- Opposition accuse Modi govt of using law to stymie top leader
- Protest launched against Gandhi’s disqualification
- Congress party to challenge Gandhi’s conviction
By Rupam Jain and Shivam Patel
NEW DELHI, March 24 (Reuters) – India’s opposition Congress party suffered a major blow on Friday when parliament disqualified its leader, Rahul Gandhi, a day after a court convicted him of defamation for comments that many Indians deemed insulting to the prime minister.
Gandhi “stands disqualified from the membership of Lok Sabha from the date of his conviction”, parliament said in a notice, referring to the lower house of parliament.

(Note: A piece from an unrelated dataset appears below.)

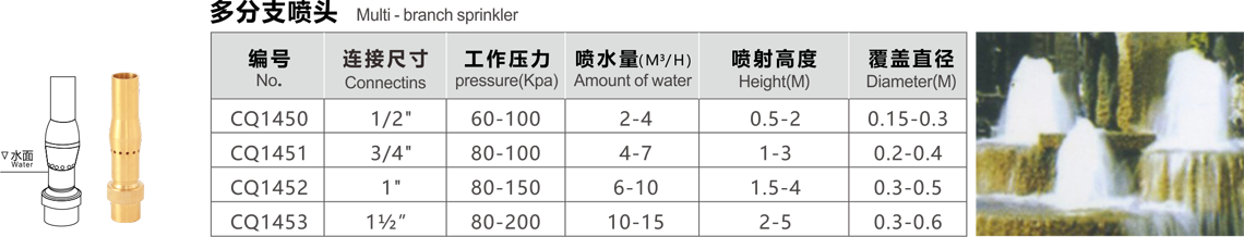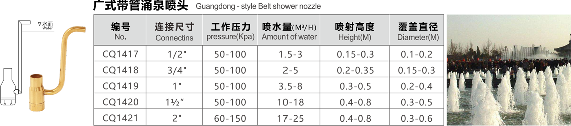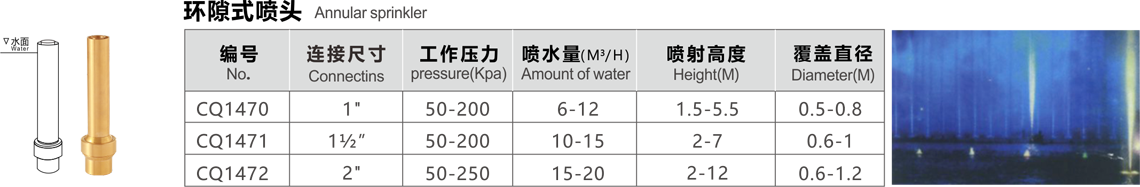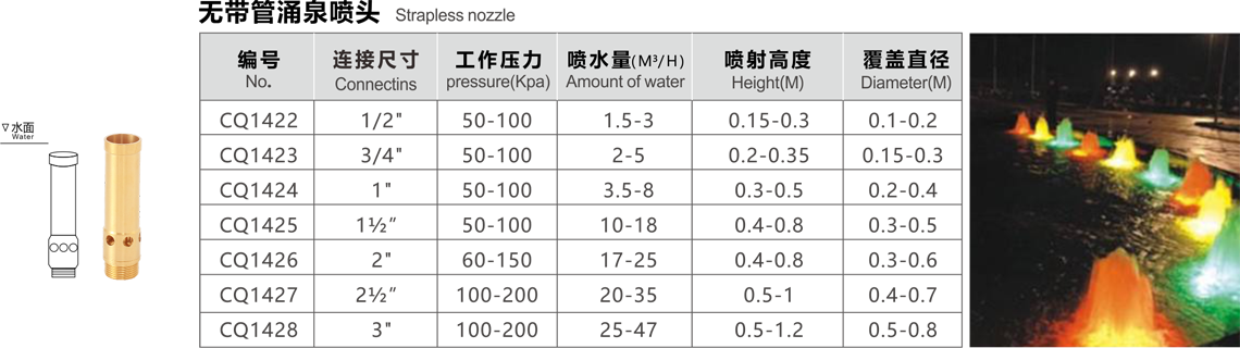 特點(diǎn):這種噴頭系列用射流泵的原理,噴水時將空氣吸入,以少量的水產(chǎn)生豐滿的射流,噴出水柱呈白色不透明狀,反光效果好,調(diào)節(jié)外套的高度可以改變吸入的空氣量,吸入的空氣越多,水柱的顏色越白,泡沫越細(xì)。噴頭有球形接頭,可繞中心線軸向15度轉(zhuǎn)動,它適用于室內(nèi)外的各種噴水池中。

Gandhi, 52, was convicted and sentenced to prison for two years in the western state of Gujarat on Thursday after he was found guilty of defamation in connection with a 2019 speech in which he referred to thieves as having the surname Modi. He plans to appeal.

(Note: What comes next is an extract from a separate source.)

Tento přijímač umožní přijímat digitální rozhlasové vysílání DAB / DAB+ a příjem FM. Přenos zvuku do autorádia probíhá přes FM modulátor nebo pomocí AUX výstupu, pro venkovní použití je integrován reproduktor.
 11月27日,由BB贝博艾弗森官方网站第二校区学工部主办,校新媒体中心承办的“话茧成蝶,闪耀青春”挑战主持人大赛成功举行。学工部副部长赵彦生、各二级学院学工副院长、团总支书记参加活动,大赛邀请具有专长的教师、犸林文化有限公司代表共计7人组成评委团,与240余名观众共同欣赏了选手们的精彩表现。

He made the comment while campaigning ahead of the last general election in which Prime Minister Narendra Modi and his ruling Hindu-nationalist Bharatiya Janata Party (BJP) swept back to power.
The court case was filed by a member of Modi’s ruling party called Purnesh Modi, who focused on a comment Gandhi made in the 2019 speech when referring to two fugitive businessmen, both surnamed Modi.

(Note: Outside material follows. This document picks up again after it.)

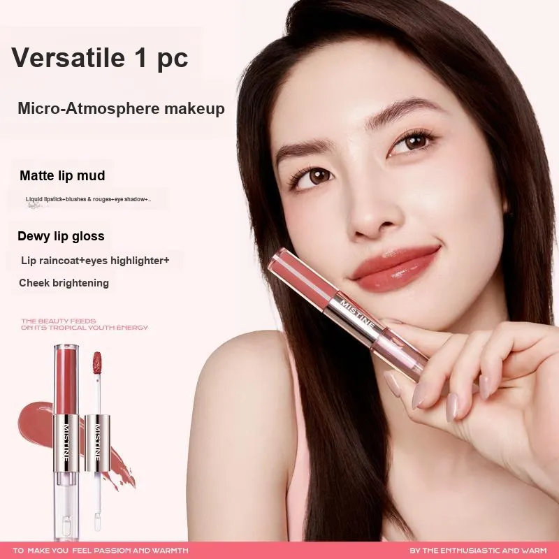 Двойная головка Жидкая помада D01+D05+Темное дерево Сладкий чай

“How come all thieves have the name Modi?,” Gandhi had asked.
The magistrate said a two-year jail term was justified because “awarding a lighter sentence to the accused would send a wrong message to people”.
The same court also immediately granted Gandhi bail and suspended the sentence by a month. But under the constitution, a lawmaker convicted by a court is disqualified from parliament.
Gandhi, the scion of a dynasty that has given India three prime ministers,marched across India this year to revive the political fortunes of Congress.
Some of Gandhi’s allies said the court ruling was politically motivated. A close aide said the leader would abide by the order and did not enter parliament on Friday during house proceedings.
Gandhi was at the official residence of his mother, Sonia Gandhi, who is the longest serving president of the Congress party, at the time the parliament notice became public, said two Congress lawmakers.
“He will have to vacate his official residence but every MP gets some time to relocate,” said one Congress lawmaker, adding the legal experts in the party were gearing up to file an appeal in a higher court.
Congress spokesperson Pawan Khera said the party would battle on “both legally and politically”.
“Rahul Gandhi will not stop from asking difficult questions and exposing crony capitalism and this government’s active role in promoting and protecting it,” he said.
Congress party members held protests against Gandhi’s disqualification in eastern and northern parts of the country and plan to continue their demonstrations across India.
The once-dominant Congress controls less than 10% of the elected seats in parliament’s lower house and has been decimated by the Bharatiya Janata Party (BJP) in two successive general elections, most recently in 2019 under Gandhi’s leadership.
A Congress party lawmaker from West Bengal state, Pradip Bhattacharya, said the BJP saw Gandhi as a threat.
“The BJP is fearful about the rise of Rahul Gandhi and he poses a direct threat to the Modi government,” he said, adding that protests will intensify to secure Gandhi’s reinstatement.
BJP president J.P. Nadda dismissed that accusation, saying Gandhi had insulted Indians who happen to share the same surname as the prime minister.
“It is one thing to question government regarding the policies, that would be considered a healthy debate, but clearly the Congress has never followed such rules,” he told Reuters.
India next general election is due by mid-2024.